Explaination vs. Prediction

Again, some older post I had lying around. Nonetheless, the topic is still prevalent.

I recently read a great paper named To Explain or To Predict? by Galit Shmueli. She explains the differences between the “old-school” explanatory statistics and predictive statistics. I saw lots of her observations by myself.

That means predictions are often regarded as unscientific and therefore there’s a bit of a lack of good literature – lately the situation became better with the uprising of machine learning.
Nonetheless, most students don’t learn how to make predictions and you see how people use R^2 to validate models.

Sure, there are some departments that teach how to predict but they are still in the minority. Of course, there’s this other trend with Big Data. I’m personally not really excited by Big Data rather by data at all.

More Info: http://galitshmueli.com/explain-predict

I wrote this post more than 2 years ago. Now machine learning became some kind of commodity on a smaller level and something strange happened. Some of the people who work with data but didn’t learn good statistical techniques started to try to explain data which is pretty terrible. It even seems that they try to reinvent statistics. I read a post yesterday called Why big data is in trouble: they forgot about applied statistics which captured this pretty nicely.
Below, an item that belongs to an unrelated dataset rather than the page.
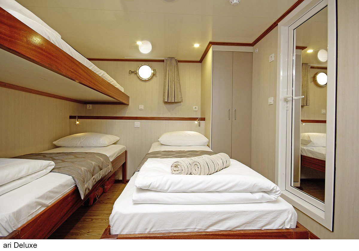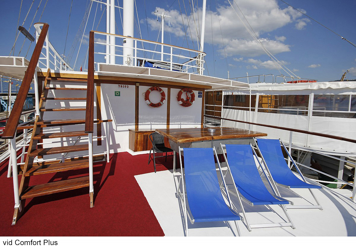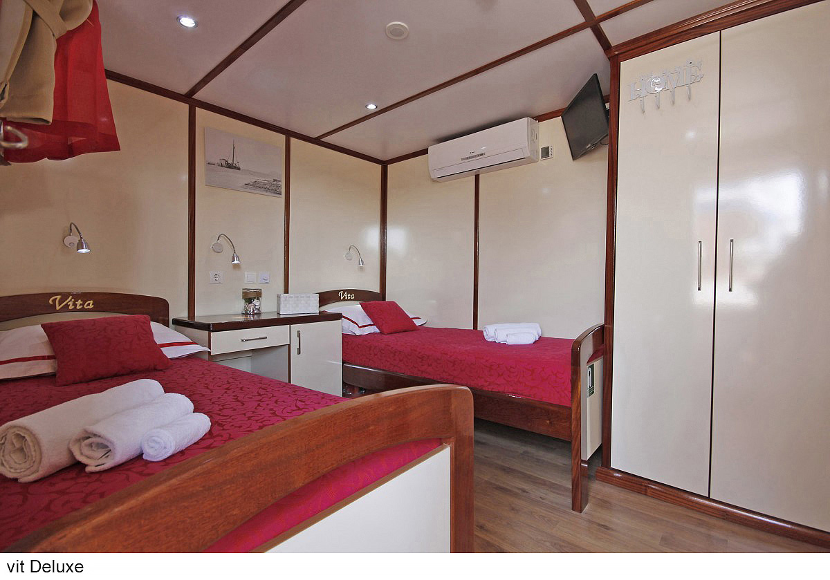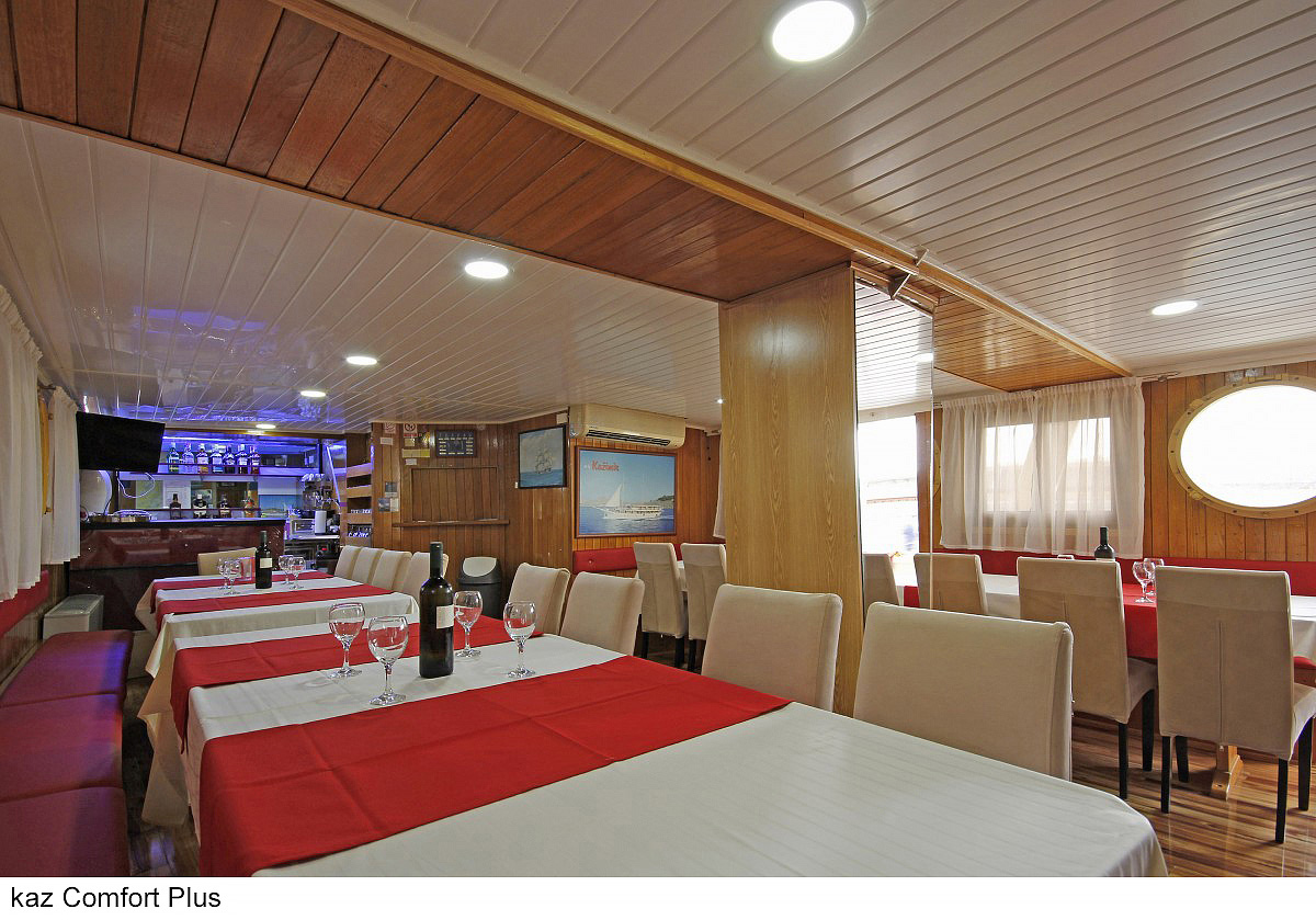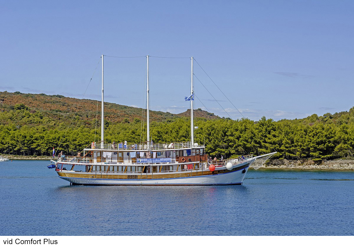 lode kategórie Comfort plus / motorové plachetnice s dreveným alebo oceľovým trupom, lode kategórie Deluxe / luxusné motorové jachty s oceľovým trupom, krytý salónik na hornej palube a kúpacia plošina vzadu. Za príplatok je možné rezervovať kajutu na palube, len vopred a na vyžiadanie. U kategórie Comfort plus voda zo sprchy odteká do podlahovej vpusti, nejedná sa o sprchový kút a nie je oddelená závesom.

The table at the bottom is just unbelievable. It lists different fields and the application of “big data” or “data science”. They also list that in 2012 they finally start to enter fields like biology, economics, engineering, etc. Which is more sad than hilarious. So yeah, I didn’t expect this turn.

Furthermore, I saw more and more “data science” boot camps / programs popping up. Still neglecting statistical foundations. Resulting in even more terrible studies. This trend will probably follow the Gartner Hype Cycle. As far as I can tell the peak is already reached, now it will begin to be disappointing and in a few years actually reach its plateau. Here the latest Hype Cycle from July 2013:


I see the term “prescriptive analytics” on there and just looked it up. It’s astonishing that people reinvent new terms for so much stuff and it still works. Even stuff like business intelligence is basic statistics, then came predictive analysis (still statistics), data science (hey statistics), now prescriptive analytics (still statistics).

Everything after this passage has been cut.